Sir John Fortescue's doctrine as to the English constitution.

"A king of England cannot at his pleasure make any alterations in the laws of the land, for the nature of his government is not only regal, but political. Had it been merely regal, he would have a power to make what innovations and alterations he pleased in the laws of the kingdom, impose tallages and other hardships upon the people whether they would or no, without their consent, which sort of government the civil laws point out when they declare Quod principi placuit, legis habet vigorem. But it is much otherwise with a king whose government is political, because he can neither make any alteration or change in the laws of the realm without the consent of the subjects, nor burthen them against their wills with strange impositions, so that a people governed by such laws as are made by their own consent and approbation enjoy their properties securely, and without the hazard of being deprived of them, either by the king or any other. The same things may be effected under an absolute prince, provided he do not degenerate into the tyrant. Of such a prince, Aristotle, in the third of his Politics, says, 'It is better for a city to be governed by a good man than by good laws.' But because it does not always happen that the person presiding over a people is so qualified, St. Thomas, in the book which he writ to the king of Cyprus, De Regimine Principum, wishes that a kingdom could be so instituted as that the king might not be at liberty to tyrannize over his people; which only comes to pass in the present case; that is, when the sovereign power is restrained by political laws. Rejoice, therefore, my good prince, that such is the law of the kingdom which you are to inherit, because it will afford, both to yourself and subjects, the greatest security and satisfaction."[x]

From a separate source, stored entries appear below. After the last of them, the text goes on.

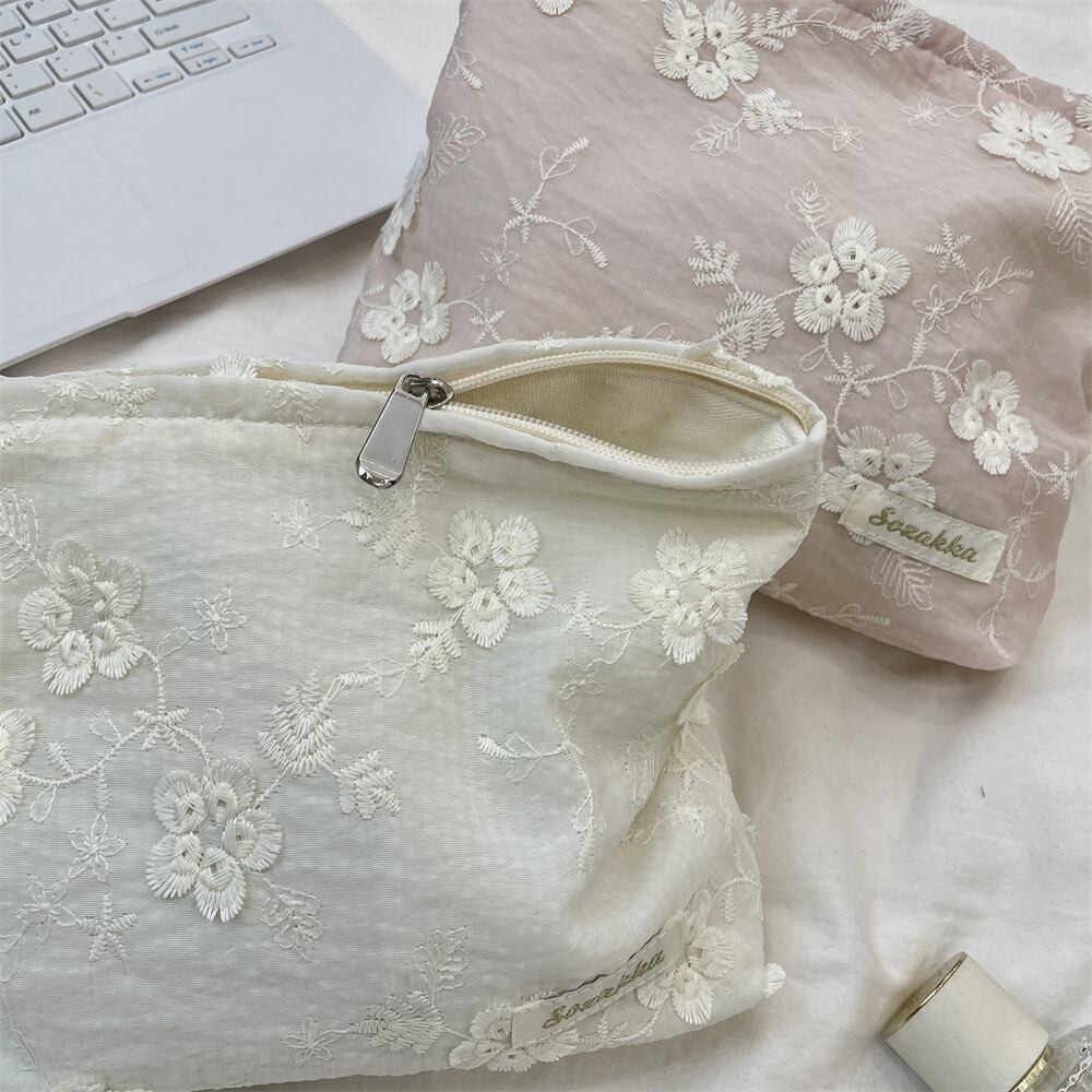 この浮き彫り小花デザインのメイクポーチは、シンプルながらも華やかな印象を与える美しいアイテム。外側の小花の浮き彫り模様が可愛さを引き立て、女性らしい華やかな雰囲気を演出します。
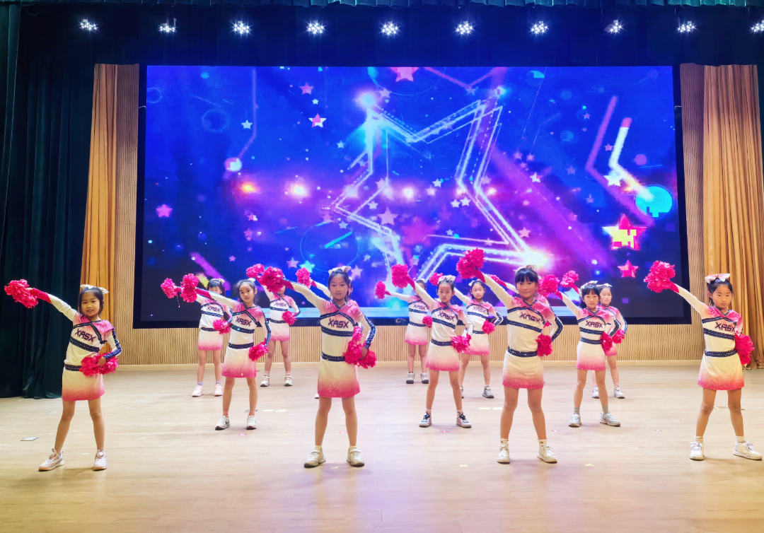 活力四射的啦啦操《宝贝优先》,展现了三年级同学的活泼和热情,赢得了观众的热烈掌声。
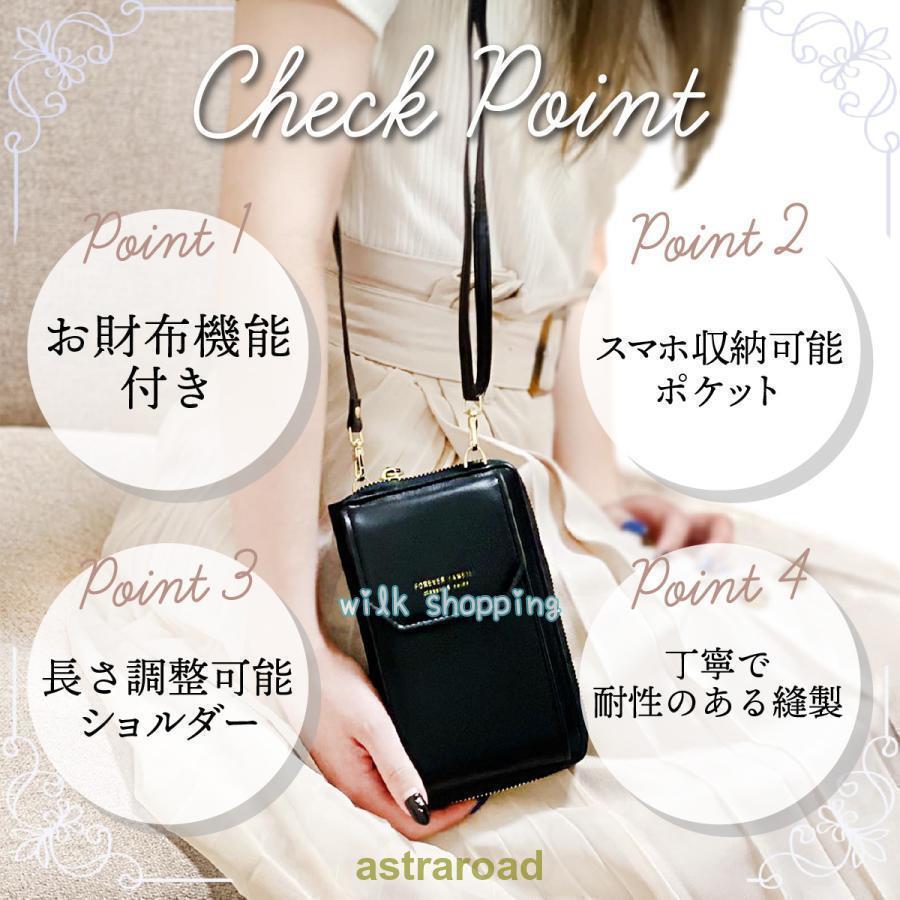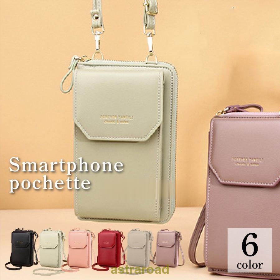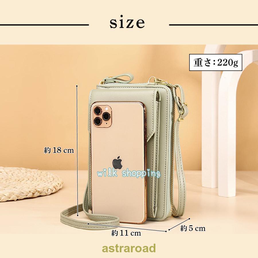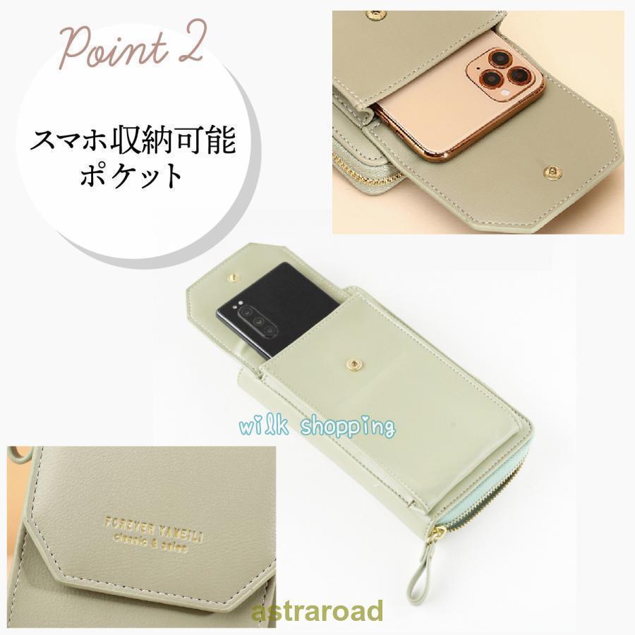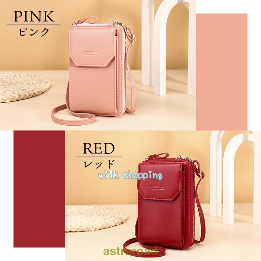 スマホショルダー 財布機能付き レディ バッグ 小物 ブランド雑貨 通販 ブラック ライトグリーン ライトパープル レッド ピンク グレージュ
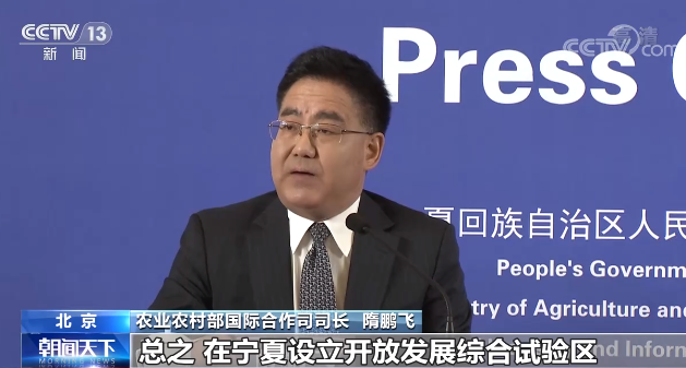农业农村部国际合作司司长 隋鹏飞:在宁夏设立开放发展综合试验区,突出开放,就是要发挥宁夏的区位优势,打造西部地区农业对外开放的新高地,推动“一带一路”农业合作更加务实深入发展。
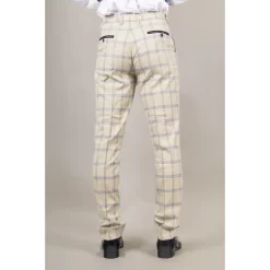 * Timeless Checked Design: These trousers feature a classic beige checked pattern, adding a touch of sophistication and versatility to your wardrobe
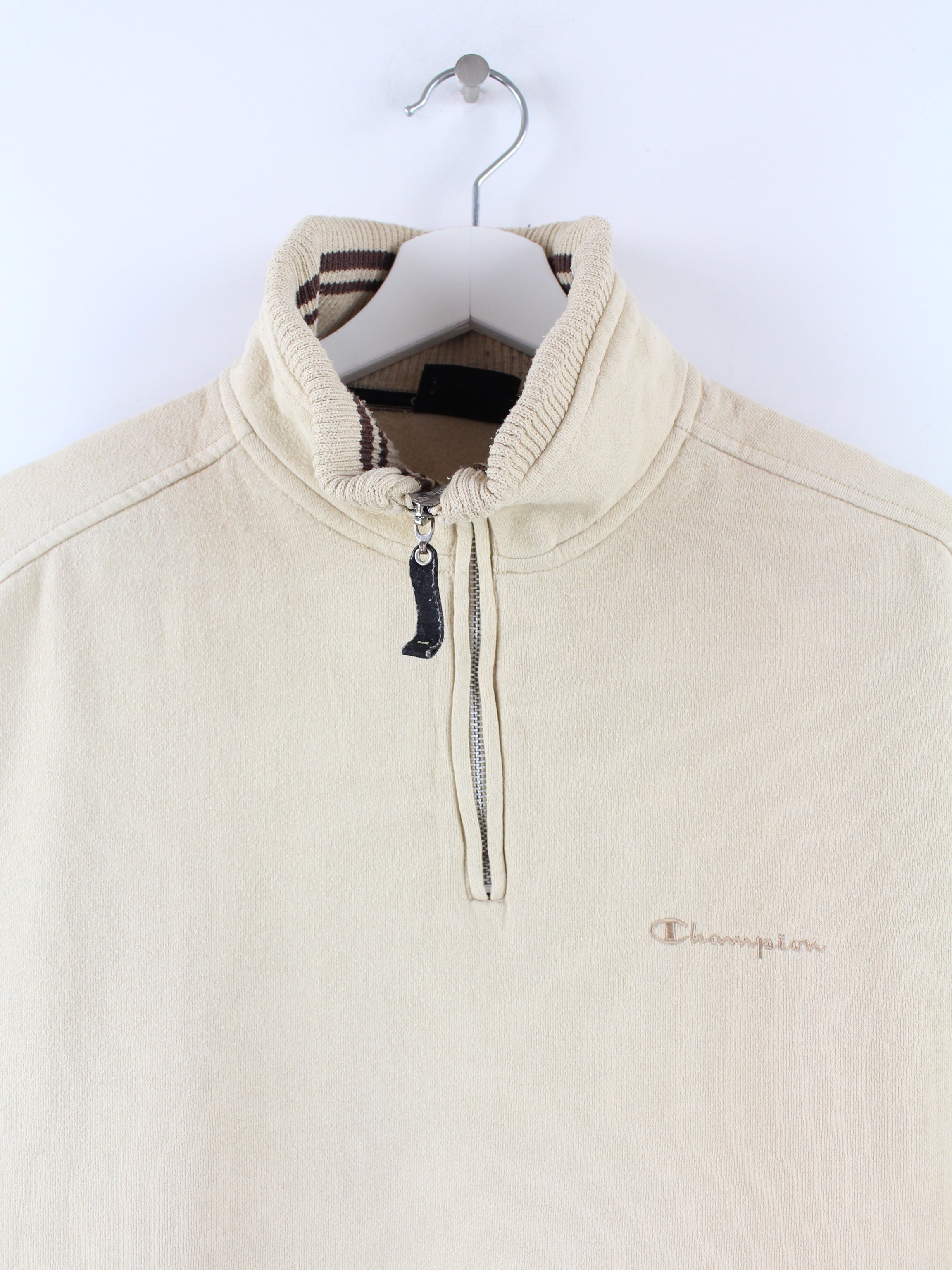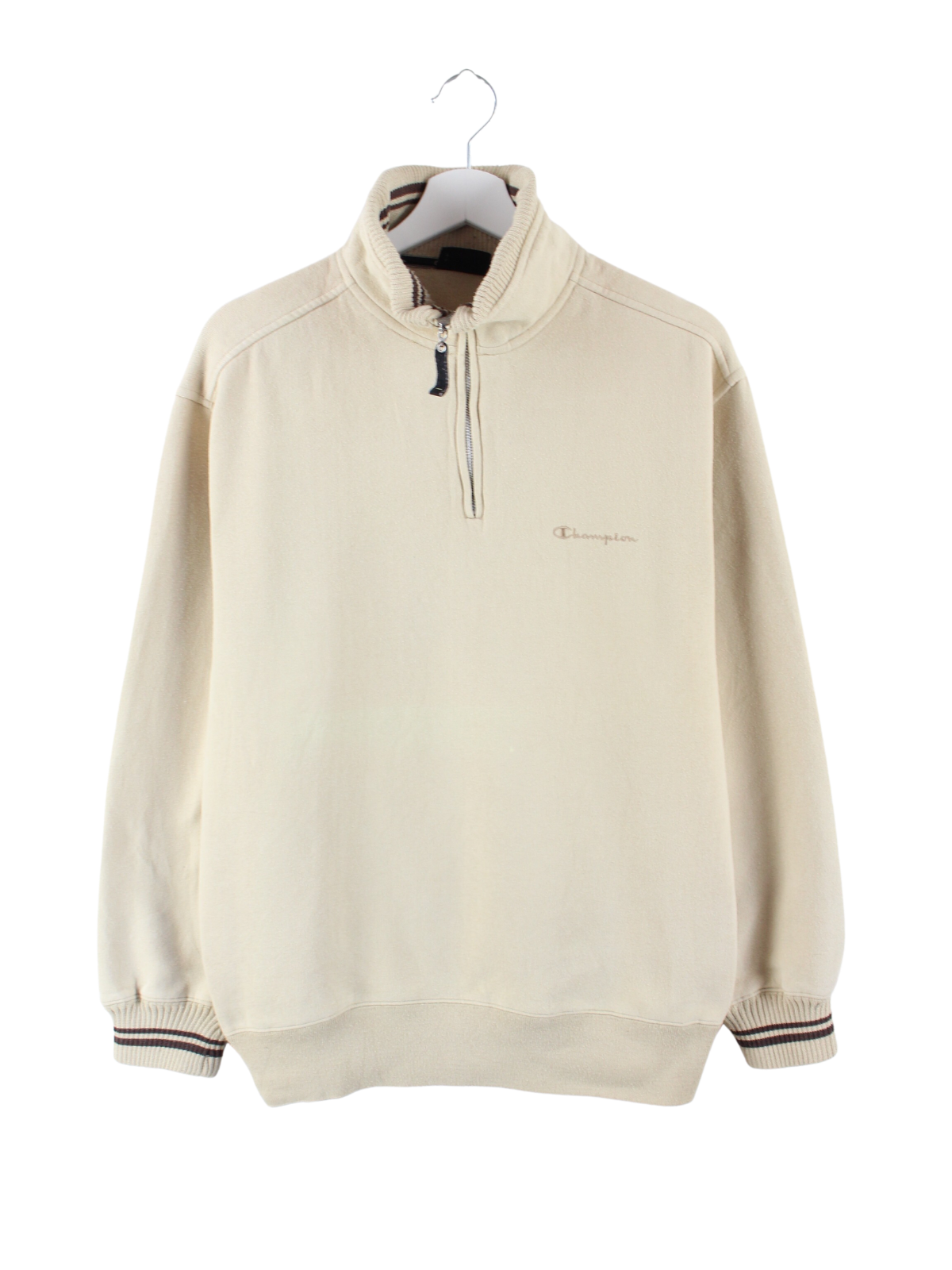 Beiger Champion Half Zip Sweater mit kleinem aufgesticktem Logo.

The two great divisions of civil rule, the absolute, or regal as he calls it, and the political, Fortescue proceeds to deduce from the several originals of conquest and compact. Concerning the latter he declares emphatically a truth not always palatable to princes, that such governments were instituted by the people, and for the people's good; quoting St. Augustin for a similar definition of a political society. "As the head of a body natural cannot change its nerves and sinews, cannot deny to the several parts their proper energy, their due proportion and aliment of blood; neither can a king, who is the head of a body politic, change the laws thereof, nor take from the people what is theirs by right against their consent. Thus you have, sir, the formal institution of every political kingdom, from whence you may guess at the power which a king may exercise with respect to the laws and the subject. For he is appointed to protect his subjects in their lives, properties, and laws; for this very end and purpose he has the delegation of power from the people, and he has no just claim to any other power but this. Wherefore, to give a brief answer to that question of yours, concerning the different powers which kings claim over their subjects, I am firmly of opinion that it arises solely from the different natures of their original institution, as you may easily collect from what has been said. So the kingdom of England had its original from Brute, and the Trojans, who attended him from Italy and Greece, and became a mixed kind of government, compounded of the regal and political."[y]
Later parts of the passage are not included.